September 26-27, 2023 - Meet us at Current hosted by Confluent! Stop by booth #211 to hear how you can build streaming data applications in minutes, not months. / Register Now

Real-time is the only time

Storage is the leading cause of data loss in the industry

Not for the reasons you might think.

Not because of hardware failures, or lost backups.

But because of SYSTEMIC ARCHITECTURAL LIMITATIONS imposed by REQUIRING all data to pass through storage BEFORE USE

Think about all the data that never reaches a database

Most data is discarded pretty soon after it’s created

You could actually define real-time data as data that hasn’t yet reached storage

All data is real-time at some point

The totality of real-time data generated in the world is far too big to store

Because most data architectures require storage before use, they impede the collection of real-time data in the first place

Why collect data if you can’t use it?

But real-time data can be used to generate immense value by real-time applications, without the data having to pass through storage

The de facto storage requirement causes the data to be unavailable for use by real-time applications

That’s why storage is the leading cause of data loss in the industry

The data is lost before it ever reaches storage, because the data is too big to store.

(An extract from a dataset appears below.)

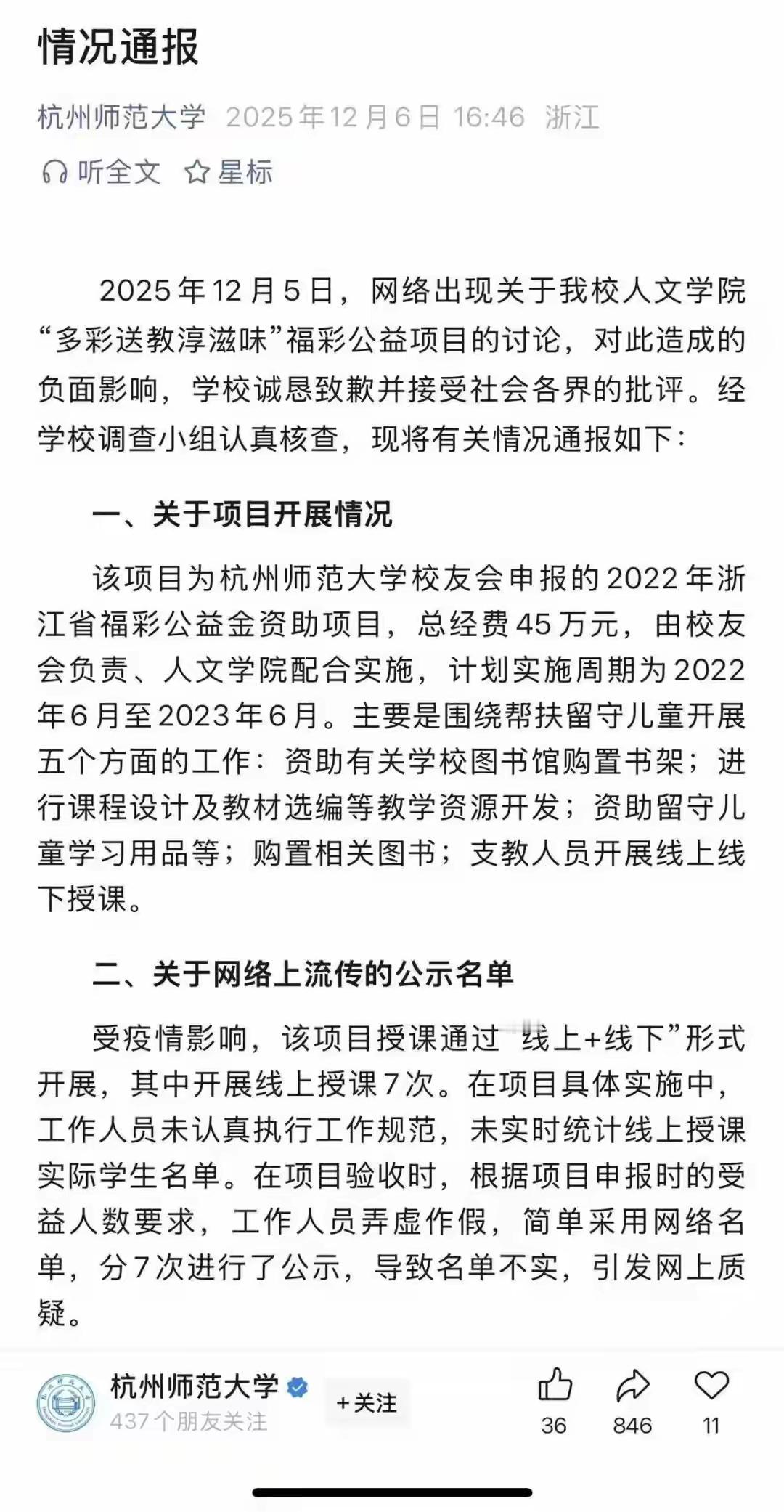 因为“多彩送教淳滋味”福彩公益金项目受助对象公示(线上课程3)名单,与百度文库一份“10000中国普通人名大全”中的姓名及排序完全吻合的事,杭师大12月6日连续两次公开发布“情况通报”! 如果事发前或者早一点“学校对此高度重视”,让事件消亡于萌芽状态或冒头阶段,那就好了!作为一个杭州人,我们的玻璃心都碎了。
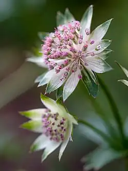 Astrantia is a genus of herbaceous plants in the family Apiaceae, native to Central, Eastern and Southern Europe and the Caucasus. There are several species, which have aromatic roots, palmate leaves, and decorative flowers. They are commonly known as great masterwort or masterwort which may also refer to other plants, particularly the unrelated Peucedanum ostruthium.

But if you can process real-time data as it arrives—make use of the it and discard it–you can avoid the loss.

Most of this data is only useful in real-time, so there’s no loss in discarding it AFTER USE.

An analyze then store architecture is the key to preventing real-time data loss

Data loss occurs when data isn’t available for use

If a tree falls in the woods and nobody’s around, does it make a sound? If data is dropped and nobody ever asks to read it, will it be missed?

Reality is too big to fit on disk

You either have to limit you perception of reality to what you can permanently store.

Or you have to interpret data first, and only store the gist of what you processed.

Latency is equivalent to data loss for many use cases

Data is effectively “lost” during the time in which it’s being ingested and processed.

Data not getting where it’s needed in time, is indistinguishable from data loss due to a hardware failure.

Latency causes data loss when it prevents you from collecting data in the first place

“I store all data forever. But I only collect data every 15 minutes because that’s all I can store.” This is data loss, plain and simple.

Lack of visibility into what’s happening in real-time is data loss

The isn’t available when you need it, like an unrecoverable disk failure.

The industry currently accepts ludicrously high rates of data loss in the name of “zero data loss”

The status quo is to lose as much data as you possibly can until you’ve thrown out so much that what remains fits permanently onto multi-region replicated disks.

Because reality doesn’t fit onto hard drives that exist in reality

If you’re storing everything you receive, you’re missing most of what there is to know.

If reality is too big to store, then real-time is the only time you have

The data is too big to store, so you have to process it before you store it. It’s tautological.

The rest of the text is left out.